Poderia dizer coisas como: a parte boa de uma casa é que a reconhecemos pelas rachaduras. Que o fato de não querer voltar a desqualifica como dormitório. Que não é um crime tentar assassinar o lugar onde nos trancávamos para dentro, onde nos sentimos já seguros. Que esse é o tipo de coisa que desqualifica os ponteiros. Essa sua fragilidade, gosto dela. Esse é o verdadeiro esqueleto seu, o verdadeiro material no interior de seus ossos. É tão sincero que expõe até os ossos.

Mas porque sou eu o que escuto não digo nada. O assunto mudo de vez ao falar Acho que meu estômago não está muito bem. Dou  a entender que aquela dor sua me viu como casa também. Portanto não pode ir. Culpar o meu corpo é a nova forma de pedir a alguém que fique. Que me aceite, espero.

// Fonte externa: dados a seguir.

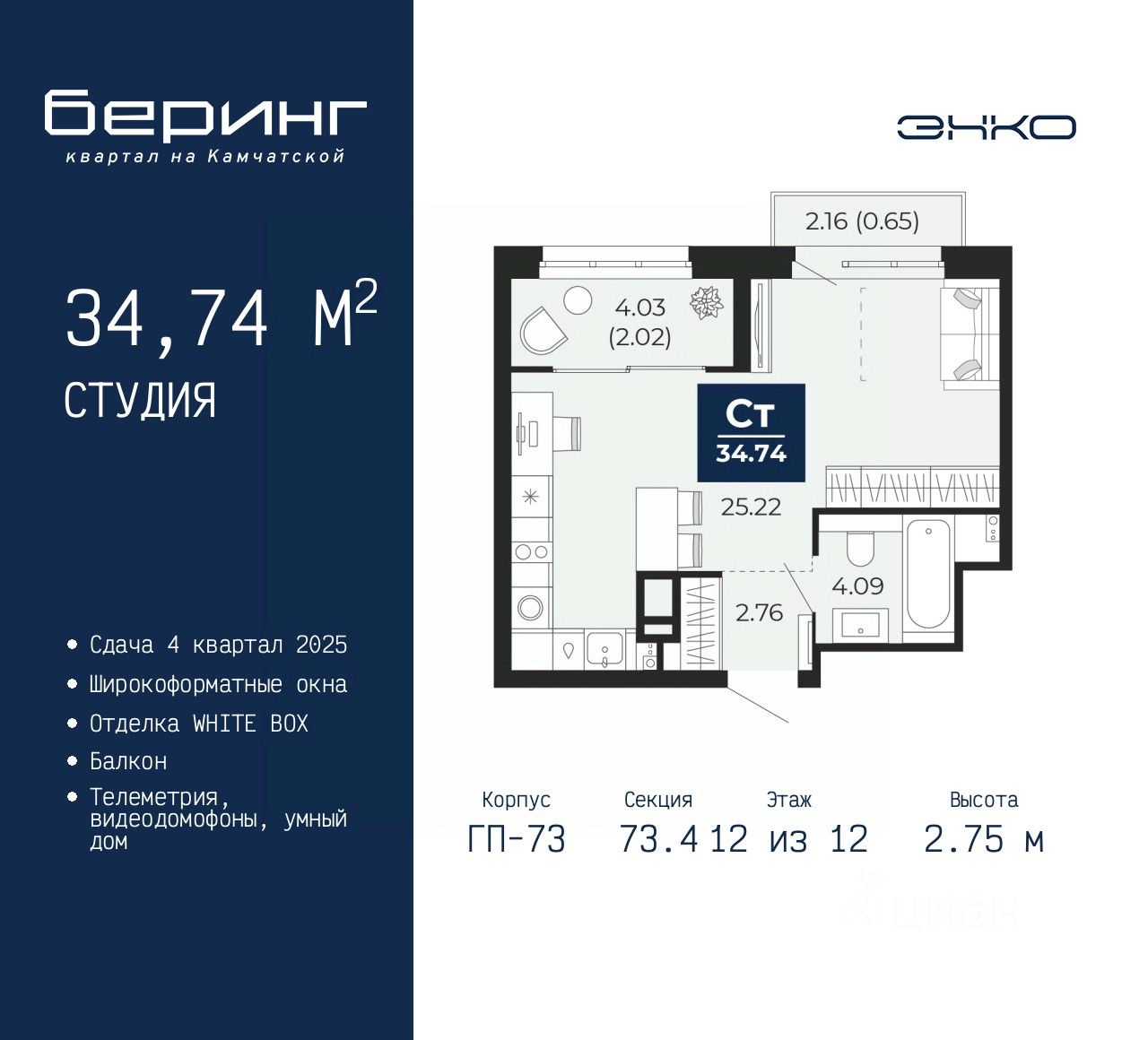 Продается 1-комн. квартира-студия с предчистовой отделкой в ЖК ''Беринг'' на 12 этаже. Общая площадь: 34.74 кв.м., площадь гостиной 25.22 кв.м., из которых 5 кв.м. выделено под кухонную зону. Все окна выходят на одну сторону. В квартире один балкон, один совмещенный санузел. Высота потолков 2.75 м.

quanto custa para não estar longe de aqui

você perderia as passagens quantas vezes?
você possui cinco calças contando as que cabem e não se usam e todas elas não tem bolsos furados.
mas em seu doce (aqui se lê perfeito como gosto) plano eles precisariam ter embora não tenham na mentira que se repete.
você não quer ir ao lugar que não é aqui nunca mais e para isso
corta os bolsos de suas próprias calças coloca os bilhetes de ônibus nos cortes e não nos bolsos.
depois busca um rosto familiar você conta o tempo dessa busca que varia entre minutos e quilômetros só para dizer

terei que ficar

você não precisa de ninguém que vá até a rodoviária para que saiba realmente que você foi ou para
que o convença a não ir você não precisa de nenhum motivo mas mesmo assim gasta 40 reais que prometem lugares onde não chegará todo mês.
só para ver se aqui é mesmo o local onde você realmente chegou ou apenas aconteceu por um tempo de um relance. e claro, para também poder dizer a si mesmo

me custa muito ficar

depois voltar a alimentar os cães, pagar o mercado, com um mê novinho dentro da bolsa.

as tecnologias

a tia-avó mantém a casa dos sobrinhos intacta  mesmo sabendo o que o noticiário acha

todos morreram num acidente de avião fazem 20 os anos atrás

mas a tia-avó não acredita em aviões. portanto não pode cair o que ela não acredita. esse é o argumento que usa com o analista com o corretor o advogado. só que o analista não existe embora ela acredite. o corretor o advogado existem embora ela julgue desnecessário.

ainda acha que um dia voltarão na hora da sobremesa, por isso por precaução há sempre sobremesas, embora o que o aconteceu no centro espírita quando. quando Jonathan o mais velho e último a morrer tenha a dito que de fato todos eles se foram. e mais

é preciso acreditar na tecnologia tia

 não acredita nos mortos. não acredita em Jonathan. para a tia-avó a tecnologia está morta, faz tempo.